Write out nothing but the lines from the one containing "Платок украшен со" through the last line below, both included, and without the pictures.

(DATA PROVIDED)

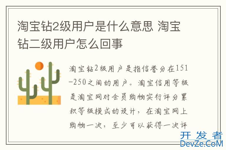开发者_开发百科 品牌型号:华为P50 系统:HarmonyOS3 软件版本:淘宝10.11.10淘宝钻2级用户是指信誉分在151-250之间的用户。信誉等级分为心、钻、冠三档,每档五个等级,共计15
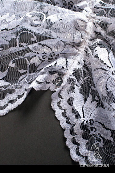 Платок украшен со всех сторон кружевом, которое выглядят торжественно и стильно.
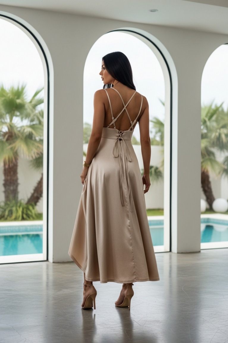 Αναδείξτε τη θηλυκότητά σας με το Maxi Φόρεμα με Πλισέ Λεπτομέρειες, Βαθύ Μπούστο & Ανοιχτή Πλάτη σε εκλεπτυσμένη μπεζ απόχρωση.
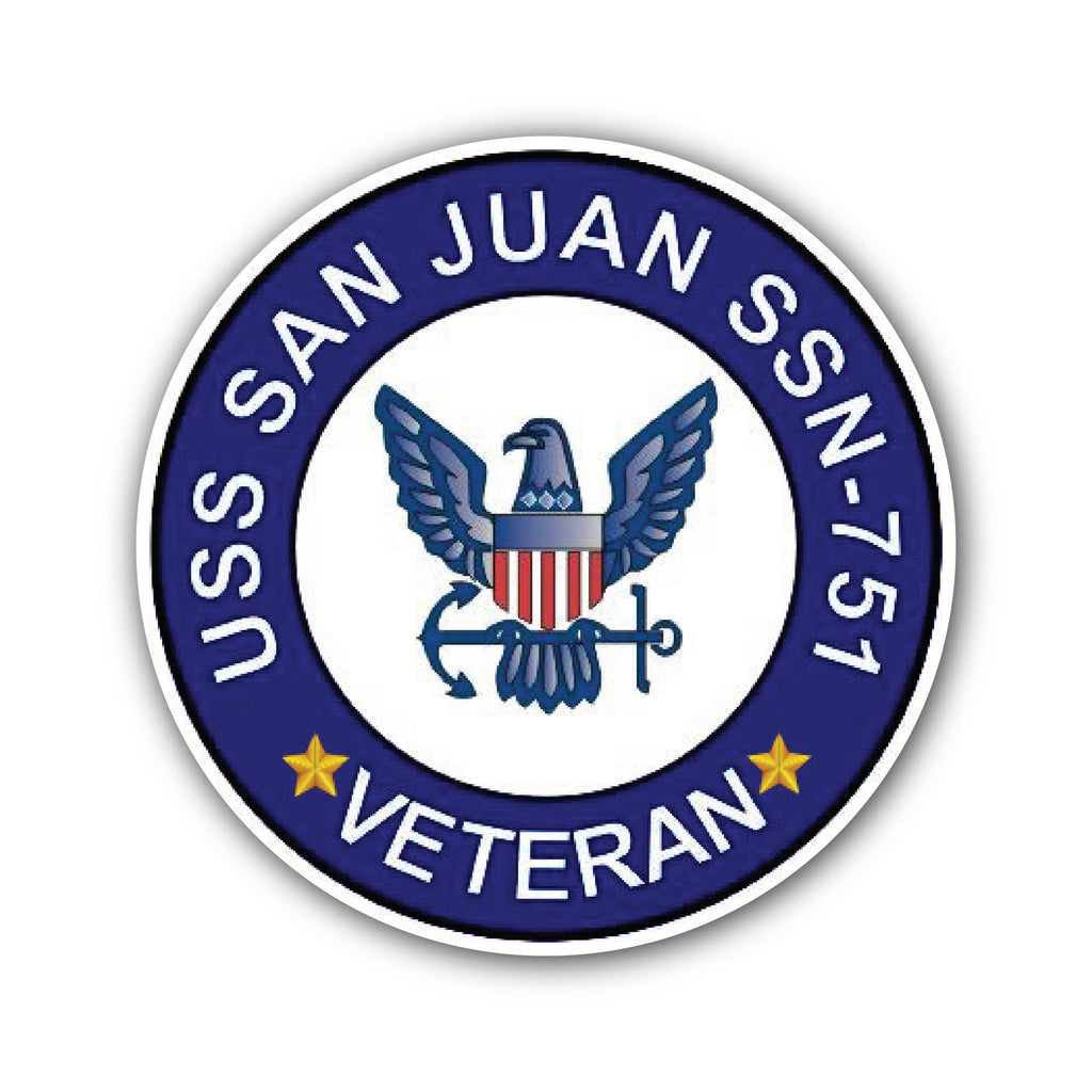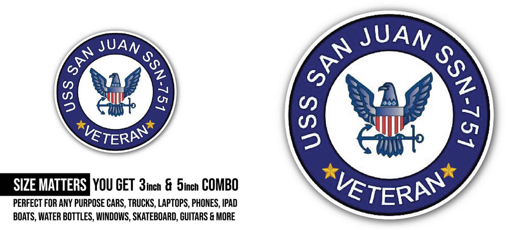 - SIZE MATTERS: Each decal measures approximately 5 inches and 3 inches (2) Pieces- 3 inches and 5 inches. USS San Juan SSN-751 Veteran Sticker DESIGN: This vinyl decal features a design perfect for customizing vehicles, trucks, laptops, windows, computers, bottles, flasks, skateboards, phones, walls, glass, RVs, boats, and more with a patriotic flair.
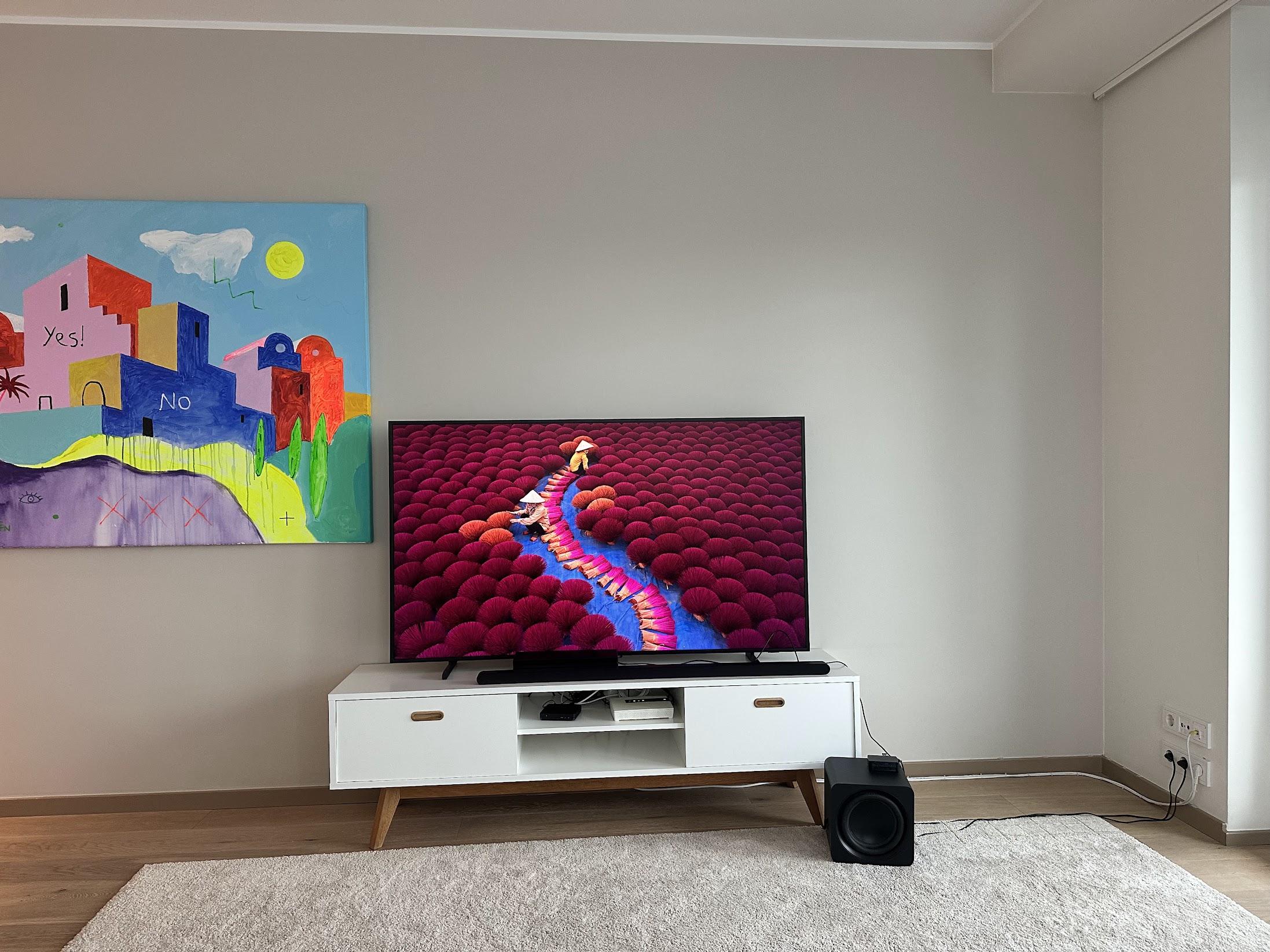 Tagumine sein on betoonist, kaabli torud tuleb sisse freesida ja viimistleda algsele kujule (värvile). Külje sein on kipsist ning pistikupesad tuleb algsest kohast liigutada TV alla (kapi taha). TV on Samsungi The Frame 65".

(End DATA PROVIDED)

* **RESULT**
 Платок украшен со всех сторон кружевом, которое выглядят торжественно и стильно.
 Αναδείξτε τη θηλυκότητά σας με το Maxi Φόρεμα με Πλισέ Λεπτομέρειες, Βαθύ Μπούστο & Ανοιχτή Πλάτη σε εκλεπτυσμένη μπεζ απόχρωση.
 - SIZE MATTERS: Each decal measures approximately 5 inches and 3 inches (2) Pieces- 3 inches and 5 inches. USS San Juan SSN-751 Veteran Sticker DESIGN: This vinyl decal features a design perfect for customizing vehicles, trucks, laptops, windows, computers, bottles, flasks, skateboards, phones, walls, glass, RVs, boats, and more with a patriotic flair.
 Tagumine sein on betoonist, kaabli torud tuleb sisse freesida ja viimistleda algsele kujule (värvile). Külje sein on kipsist ning pistikupesad tuleb algsest kohast liigutada TV alla (kapi taha). TV on Samsungi The Frame 65".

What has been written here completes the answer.